When children grew up and reached adolescence, communication did pose a problem. Children were young and at an impressionable age. In the early nineties, I used to travel a lot on work and at times it was very difficult to sit and talk with the children. Timings used to clash and it became increasingly difficult to find a common time patch. The art of letter writing was fading out fast. I then devised a method wherein I used to post messages on the fridge for the children to read and hopefully follow. I have preserved these posts all these years. The children themselves have now become responsible parents and I thought it was time to make the posts public. The stickers reflect the anxieties of parents at that time. Television seems to have been ‘Enemy Number ONE’. 20 years later when I hear my children telling their children that their quota of TV for the day is over, I feel relieved. Some examples of the notes I used to stick on the fridge are given below:-
IN 12TH YOU HAVE TO DO BETTER
CAUSE IT’S YOUR BREAD AND BUTTER
TV, TELEPHONE BUND KARDE
NAHI TO DANDA
FOR MY MUNDA
I HOPE THE MESSAGE IS LOUD AND CLEAR
DOES NOT LIKE
(MV meaning me)
WHEN ASKED WHAT DO YOU THINK OF
CUT THE CABLE
HOW DID JC ENSURE ALL HIS DISCIPLES ATE
ON THE DINING TABLE FOR THE LAST SUPPER ?
THERE WAS NO
I HAVE A BIWI
WHO SAYS NO TV
HOW ABOUT METRO
SHE SNAPS BUS KARO
WHY NOT BBC
SHE BARKS YOU GO AND SEE
WHY NOT STAR
SHE YELLS I WILL GO BAHAR
WHAT ABOUT ZEE
SHE SAYS HANJEE
IT’S CHEE CHEE
WHAT ABOUT DOOR DARSHAN
NAHI APKA DARSHAN
FAMOUS SAYINGS OF THE 20TH CENTURY
CHANGE THE CHANNEL
PUT IT ON
DON’T SWITCH OFF
“GIVE TV A BREAK THEY ALSO HAVE A LIFE”
I .M. ELEC – TRONIX
There were other concerns too
PRESERVING THE ONLY CHOCOLATE
YOUR KID SISTER
PROMISING NOT TO EAT
WHEN YOUR BROTHER HAS
NEXT BEST TO MODELLING CLOTHES
FINISHED HOME WORK?
START WITH HOUSE WORK
MY DEAR YOUR FEET
SHOULD BE NEAT
CHAPPAL SHOULD BE WORN
SOLE NOT TO BE TORN
THIS GENERATION, GIRLS SAY IT’S INFRA DIG
WEARING IT, THEY DO NOT CARE A FIG
IF YOU SAY NOT
YOUR FEET WILL ROT
I WILL NOT LEAVE YOU ALONE
CAUSE YOU WILL CRY WITH PAIN IN YOUR BONE
PLEASE WEAR FOOT REST
OR I WILL PROTEST
FEVER APPROVED BY ALL PARENTS, ADULTS AND DOCS ----
IS THERE ANY LIFE AFTER SCHOOL?
I enjoyed this sticker war - a totally different way of letter writing and communication.
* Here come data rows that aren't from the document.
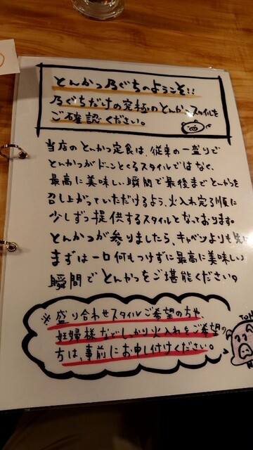メニューを渡していただき、人気No.1は乃ぐちのとんかつ定食と書かれているけど、最後にかつ丼付きのおまかせ定食もお勧めとのことで、乃ぐちのおまかせ定食 2種(3300円)をお願いします。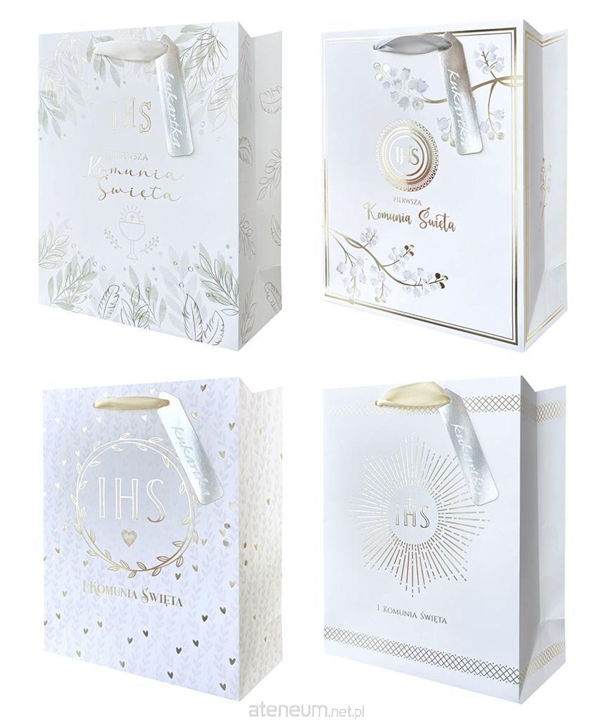 Oprócz świetnej jakości serii Q, wyróżniają się różnymi zdobieniami, ozdobną zawieszką oraz rączką z satynowej tasiemki. Są piękne, solidnie wykonane, w takiej torbie każdy prezent będzie prezentować się elegancko. Cechy szczególne: typ produktu: torba na prezent, zdobienie: metaliczna folia wielkość orientacyjna: 42 x 30 x 12cm (wysokość x szerokość x głębokość), okazja: Komunia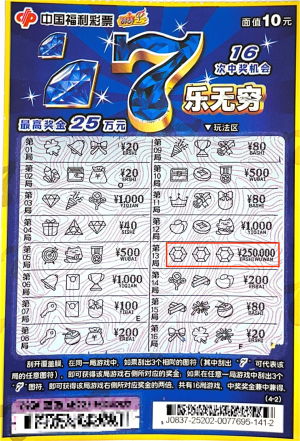 在众多彩票游戏中,“刮刮乐”即开票以其即买即刮、即中即兑、玩法多样、趣味性强等特点,一直深受购彩者喜爱。其中“7乐无穷”刮刮乐即开票以“7”为主题,略带动感的数字“7”与金灿灿的钻石构成了快乐的音符,让整个彩票显得光彩夺目。“7乐无穷”这一名称取自同音成语“其乐无穷”,玩法简单,为彩民朋友送上无限的欢乐与惊喜!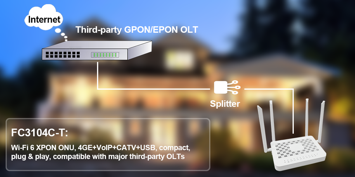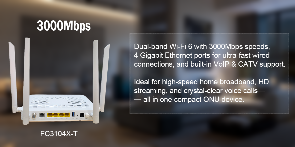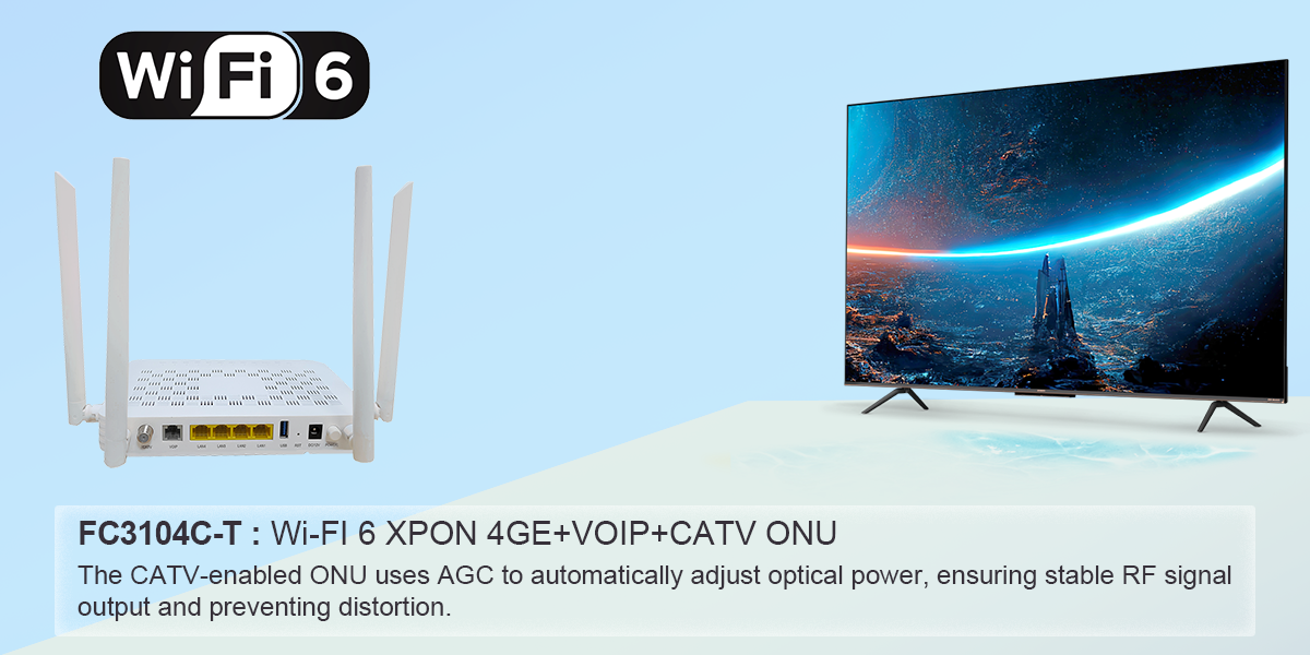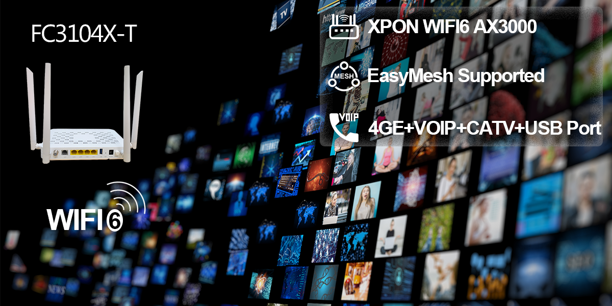 | FC3104X-T | 4GE+VOIP+CATV+USB+SC/UPC (or SC/APC) WIFI6 AX3000 XPON ONU | ||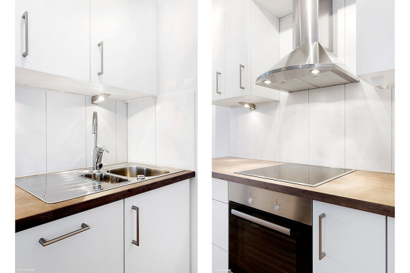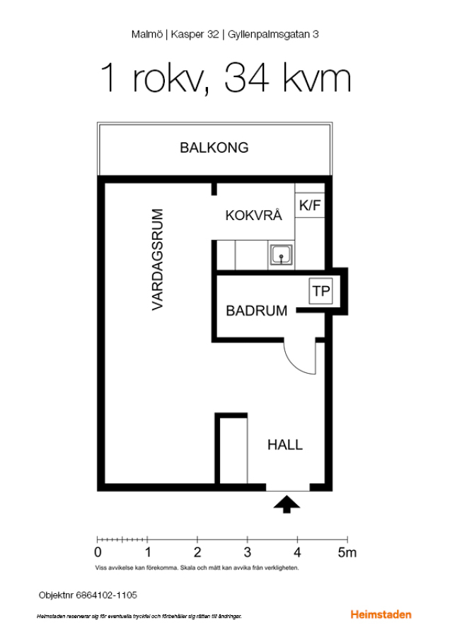 Välkommen till en ljus och välplanerad etta som nås smidigt med hiss. Kokvrån nås från rummet och är utrustad med vita köksluckor, glashäll och diskmaskin som förenklar vardagen. Hallen erbjuder god förvaring genom garderob.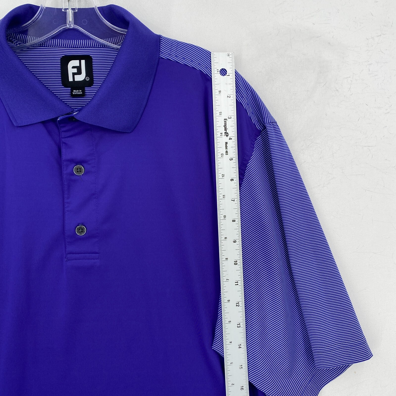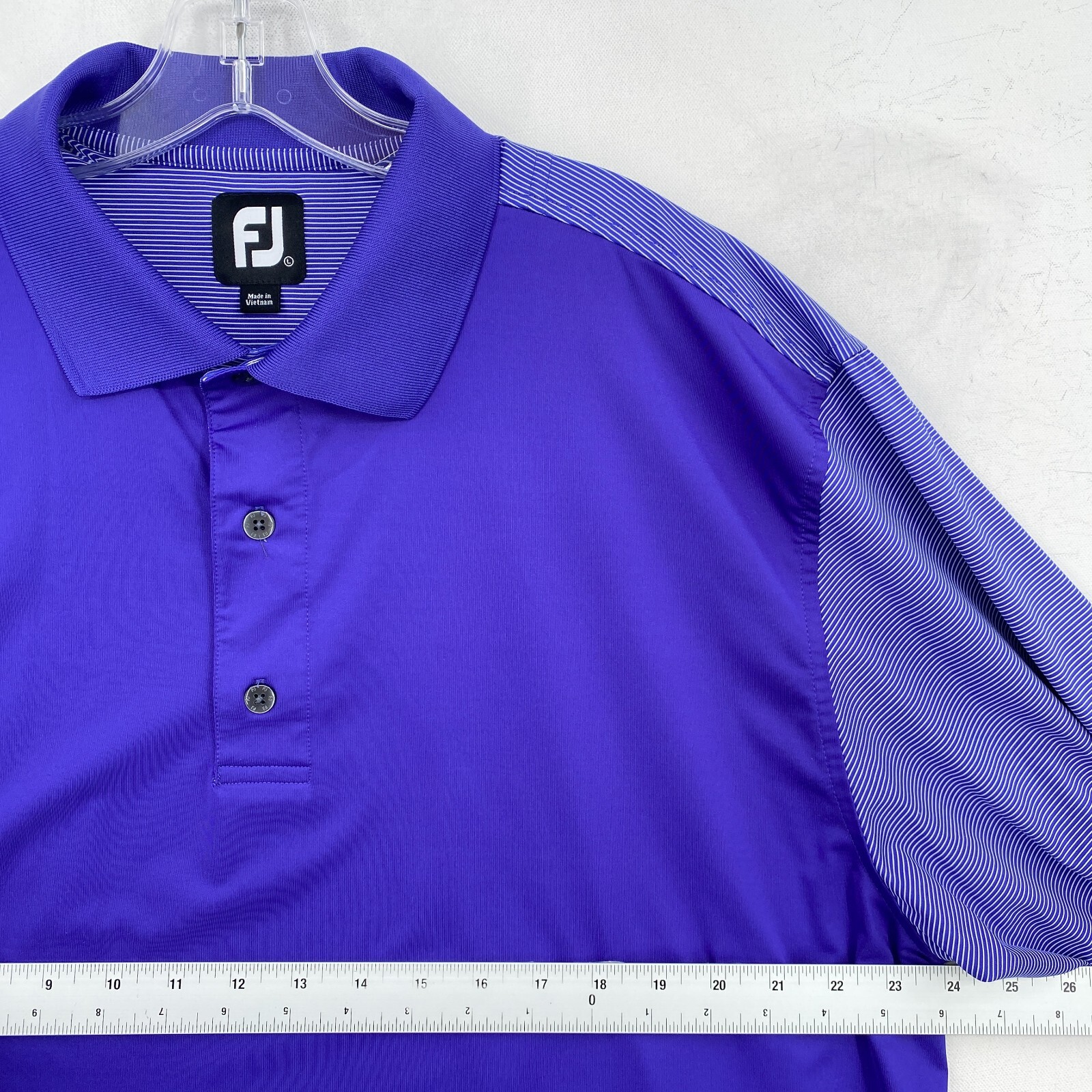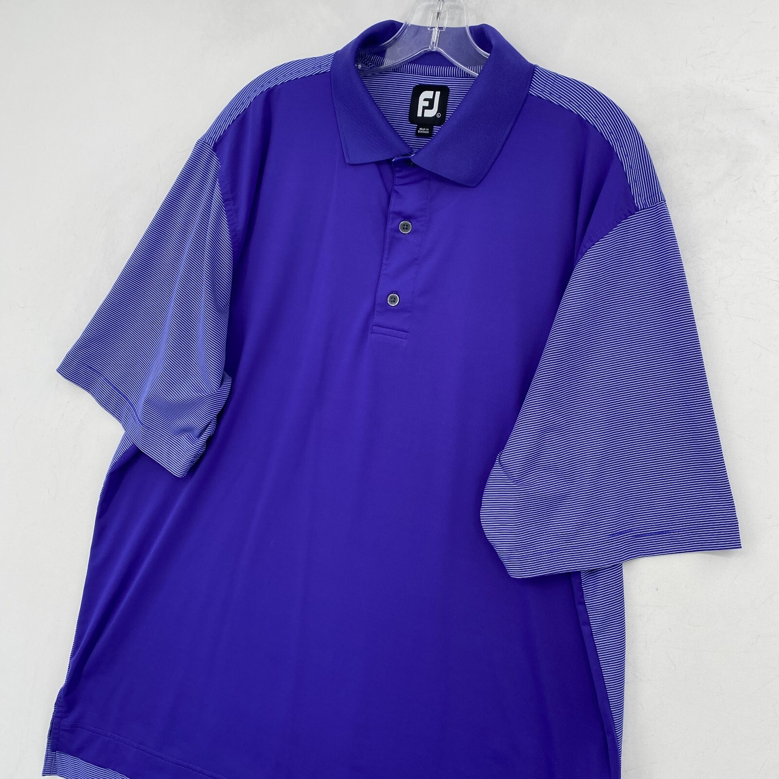 FJ FootJoy Polo Shirt Mens Large L Blue Striped Short Sleeve Golf Quickdry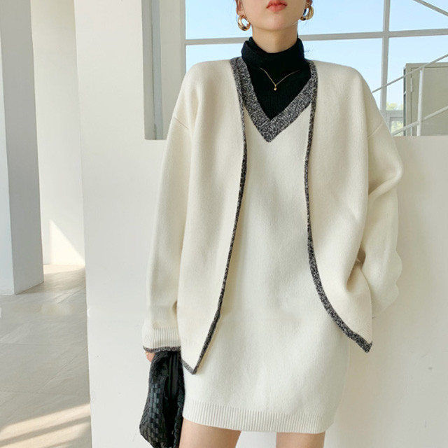[론데즈메종] 로얄 울 니트 조끼 원피스 가디건 세트 2컬러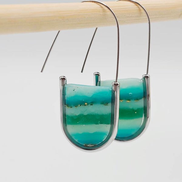 Ohrringe in Meeresgrün mit silberfarbenem Rahmen

After my retirement, I did a short stint in the merchant navy, which kept me away from the family for long durations. Letter writing once again came to my rescue. I used to write long and detailed letters from sea. Jai has preserved all the letters which I wrote from sea – they make extremely interesting reading – reflecting the thoughts and concerns of the moment.
With the arrival of E mails and SMS – the art of writing letters has taken a back seat. Letters of yesteryears represented a way of life – full of leisure, details, desire to share information, concern and expression of emotions. Whereas E mails and SMS convey sense of urgency, brevity, curtness and a sharp under tone of ‘that much and no more’. A pity, as they are deleted after reading and hence will never be looked at ten, fifteen years down the line with a nostalgic sigh, taking you back to the moments in time that you had practically forgotten.